A real estate “pro forma” is a look into the future for a particular piece of property.
Investors use “pro formas” as a tool to make assessments about a project’s anticipated use, its anticipated costs, its anticipated revenues and its anticipated cash flows and return on investment, They create a financial picture of a property so that investors can “see” into the future and make decisions about whether to become involved in a project and its use at a particular time.
What is a Pro Forma?
Pro forma is a Latin term meaning “for the sake of form.”
Pro formas are often created in Excel spreadsheet software and take on different “forms” depending on whether the property in question is new vs. existing and whether the intended use is for office, retail, medical, educational, governmental, industrial, residential single-family, multi-family or manufacturing.

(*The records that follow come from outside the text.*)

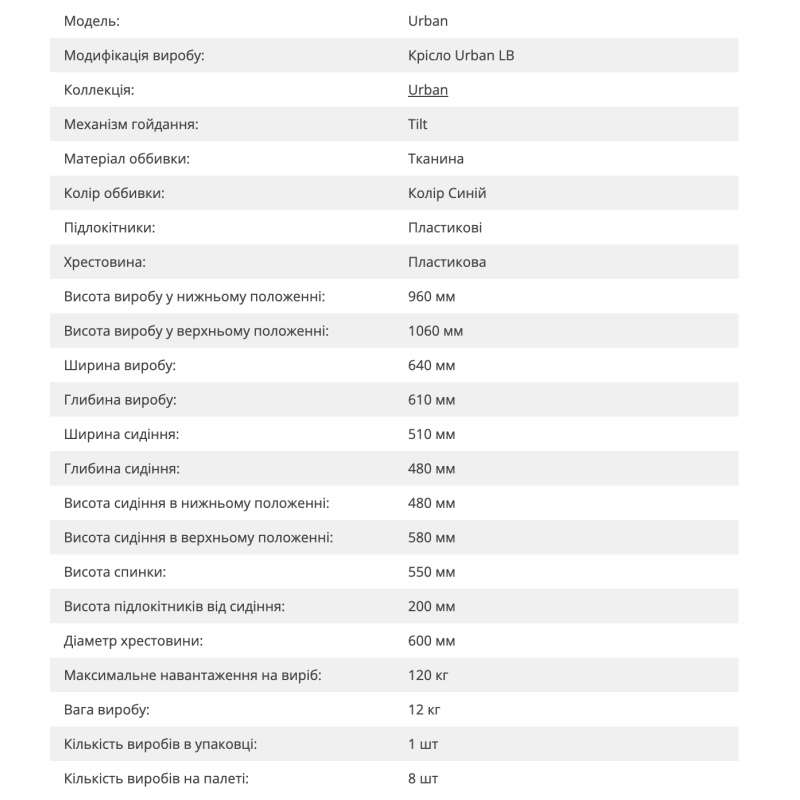 Крісло Urban — стильне офісне чи домашнє крісло з доступною ціною та комфортним дизайном. Має пластикові підлокітники з м’якими накладками, ергономічну спинку та регулювання висоти сидіння. Модифікація Urban LB оснащена механізмом гойдання Tilt, який дозволяє фіксувати крісло у робочому положенні та забезпечує комфорт під час відпочинку.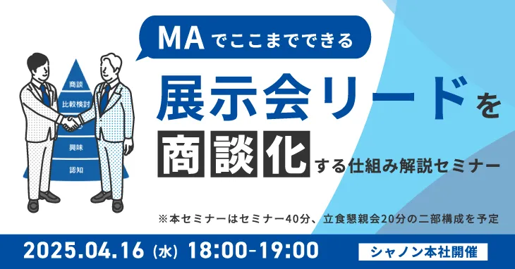 このような課題を解決できる「MAでここまでできる!」というウェビナーが、株式会社シャノンによって企画されました。このウェビナーでは、マーケティングオートメーション(MA)を利用した展示会リードの管理方法や、商談へと繋げるための決定的な方法を具体的なデモを通じて紹介します。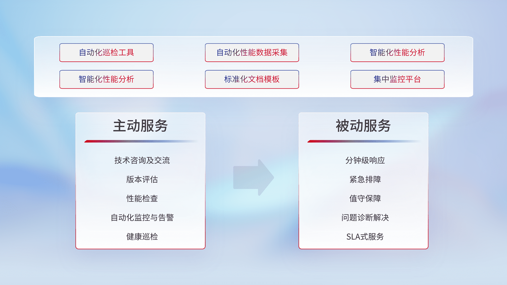 智能化工具和标准化文档,,,,保障服务质量,,,,提供主动服务(包含技术咨询、、、、版本评估、、性能检查、、自动化监控与告警、、、健康巡检)和被动服务包含(分钟级响应、、、紧急排障、、值守保障、、、、问题诊断解决、、SLA服务)。。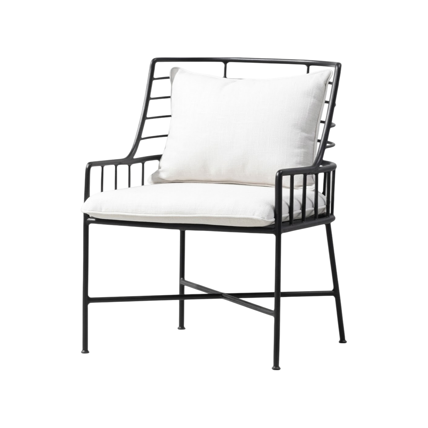 Мягкое сиденье и спинка дополнены объёмными подушками светлого оттенка, которые создают приятный контраст с тёмным каркасом и обеспечивают высокий уровень комфорта. Кресло отлично впишется в интерьер в стиле лофт, скандинавский или минимализм, станет стильным акцентом в outdoor-пространстве и подойдёт для расслабленного отдыха на свежем воздухе. Практичность и эстетика в одной модели — идеальный выбор для тех, кто ценит современный дизайн и удобство.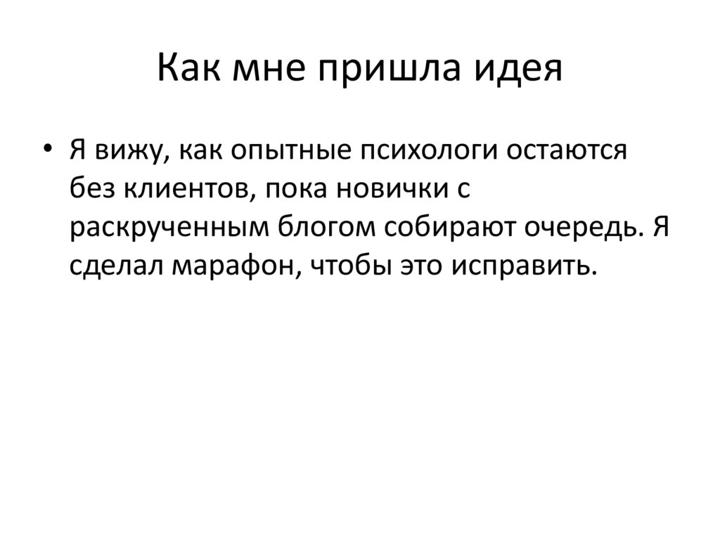Как мне пришла идея• Я вижу, как опытные психологи остаются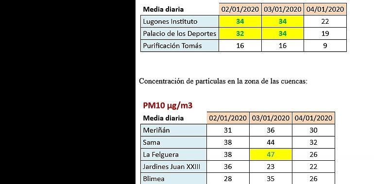 PM10 µg/m3 Media diaria 02/01/2020 03/01/2020 04/01/2020 Meriñán 31 36 30 Sama 38 44 32 La Felguera 38 47 26 Jardines Juan XXIII 36 23 22 Blimea 28 35 26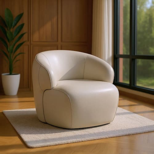 Informações Adicionais: Imagens ilustrativas, cores podem variar. Uso interno. Verifique embalagem no recebimento. Montagem por conta do cliente. Não realizamos subida. Garantia: 90 dias. Acompanha Almofadas extras: Não Acompanha Puff: Não Almofada do assento: Fixa Almofada do encosto: Não Possui Altura do assento até o chão: 42 cm Altura do Encosto: 36 cm Ambiente Principal: Sala de Estar codigo_ean: 7900288240651 Cor: Off White Cor do Produto: Off White Design Assinado: Não Enchimento do Assento: Espuma D-33 Enchimento do Braço: Espuma D-18 Encosto para a Cabeça: Não Estampado: Não Extensível: Não Firmeza do Assento: Médio Informações Complementares: Evitar exposição direta à luz solar, limpar com escova com pano úmido semanalmente, não utilizar produtos químicos, removedores, alvejantes, etc. Evite exercer pressão excessiva sobre determinada partes do estofado, não utilizar para limpeza equipamentos Itens Inclusos: 1 Poltrona Linha ou Coleção: Gana Marca: LEME MOVELARIA Material do Braço: COURO Modelo de Poltrona: Giratório Necessita Montagem: Não Origem do Produto: Nacional Peso: 15 kg Possui Percintas Elásticas: Sim Possui Pés: Não Recomendações de Uso, Manutenção e Limpeza: Pano limpo e levemente úmido Suporta Até (kg): 100 kg Tecido Predominante: Couro Tipo de Assento: Fixo Tipo de Encosto: Fixo Tipo de Espuma do Assento: Espuma Convencional Tipo de Poltrona: Decorativa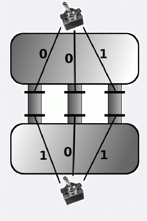 接下来n行每行包含了一条通道的信息, 由四个整数a; S a; b; S b表示. a和b表示控制两个水闸的开关编号,而S a和S b为0或1, 表示水闸受开关控制的方式. S i = 0表示开关i关时水闸关, 以此类推.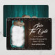 Casamento de teal russo salve o cartão de data com um jarro de mason com luzes de cordas e adornada com dois corações de burlap em um fundo de madeira de celeiro. Personalize facilmente este romântico casamento rústico e romântico de teal, salve a data online. Itens correspondentes disponíveis para complementar este casamento local salvem a data.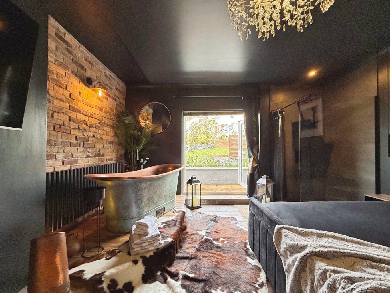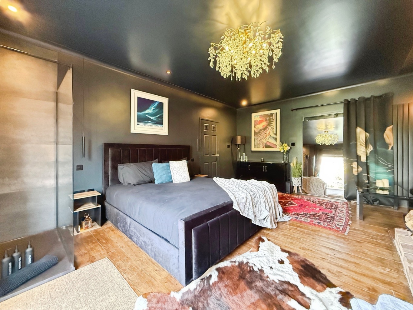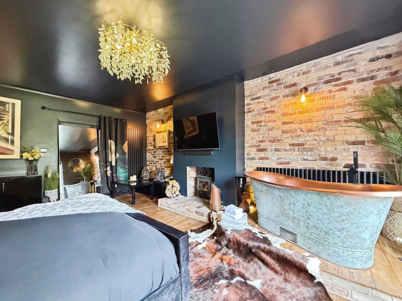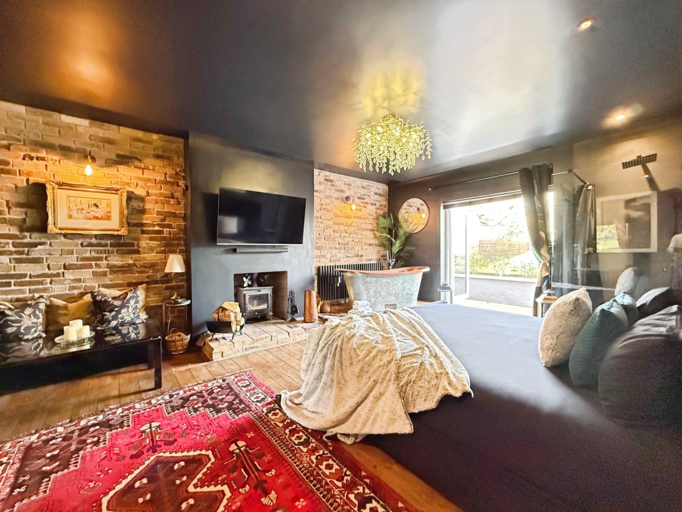The standout principal suite is nothing short of indulgent, featuring a striking copper bath and a sleek rainfall shower, creating a spa-like sanctuary. A cosy log-burning stove and intimate seating nook add warmth and charm, perfect for unwinding. Elegant French doors open directly onto a tranquil, private front garden, where a picturesque pond, landscaped planting, and a secluded patio provide the ideal setting for morning coffee or evening drinks.

Fundamentally, pro formas are a project’s cash flow projections. This includes all the costs, all the anticipated revenues, when the costs and revenues will be realized, and the project s anticipated positive cash flows that would be available to investors if all the assumptions are correct.
With this information investors make a decision about a project’s viability given their current situation and location in the business cycle.
What are the components of a pro forma?
The actual components of a pro forma vary from project to project and from usage to usage. However, every pro forma will have basic components such as:
- hard and soft costs for construction and land
- anticipated revenues from either sales or leasing
- anticipated timelines for realizing those revenues
- projected monthly expenses to operate and maintain the project post-construction including taxes
- ROI analysis
Another way to look at the components of a pro forma is to review the information that goes into one at various phases of the development process: Pre-development, Construction and Post Construction/Operations.
The Pre-Development phase includes Planning and Initiation and Feasibility.
In Planning anticipated costs include the soft costs of data collection: developmental, environmental, and governmental including the costs of studies and surveys, design, and the development of project objectives and identification of major issues.
Feasibility includes the soft costs of data analysis and recommendations such as supply, demand, growth rates, sales pricing or leasing rates, and absorption rates. With the design comes operating performance projections such as the type of project, number of units, timing of units coming online, anticipated operating revenues, construction hard costs, and anticipated operating expenses.
Another part of Feasibility is the financial analysis which includes the costs of initial project financing: Equity, Debt, Ownership, Terms, and Structures.
The pro forma for the Construction Phase of the development process includes timelines and the hard and soft costs of actually constructing the project.
Hard costs are often referred to as the “brick and mortar costs.” Examples of hard costs would be raw materials, labor, and fixed equipment and interior finish. Examples of soft costs are legal fees, architectural fees, indirect labor, consultant fees, surveys, permits cost of inspections and cost of construction financing.
The pro forma for the Post Construction / Operations phase of development includes anticipated revenues from sales, leasing, retail, parking, etc. and the anticipated expenses for the operation of the project, cleaning, maintenance (both interior and exterior including seasonal adjustments), and replacement of furnishings over time.
Important items to include in the expenses are repairs, vacancy loss including the painting, cleaning and repairs needed when a tenant moves out, property management fees. And miscellaneous fees which can include legal, advertising costs and taxes.
The Post-Construction “operations” phase of the development process is where many pro formas can go wrong. Areas to watch out for include the revenue side of the equation — overly zealous sales or rent projections, unanticipated competition that drives the price down, changes in the economy, and pandemics.
On the expense side, there is a tendency to underestimate expenses. Marketing and advertising come in over budget, reserves for repairs and maintenance are under budget, maintenance costs go up, HVAC repairs are not under warranty, vacancy loss is higher than anticipated, property management fees are higher, taxes go up, receivables take longer to collect, etc.
Remember, fundamentally, a pro forma is a best guess at anticipated expenses and revenues. And that reality, generally, does not like to cooperate with our projections about the future. So a conservative posture is prudent in developing all of the assumptions that go into a pro forma. Make sure the grounding for your assumptions are solid – not overly optimistic, not overly conservation.
Once all the numbers are in, common financial or ROI analysis in pro formas include Gross Potential income, Capitalization, Net Operating Income, Net Cash Flow, Return on Cost, Internal Rate of Return and Discounted Cash Flow.
With ROI projections real estate investors can compare real estate projects. They use them to avoid making poor or ineffective investments. They use them to “see” in real terms, the opportunities of various real estate projects.
But remember, a pro forma is only as good as the numbers and assumptions that go into one. For this reason all assumptions should be checked with experts, such as the DAE Group, to make sure the interpretations, numbers and scheduling reflect reality and not fantasy.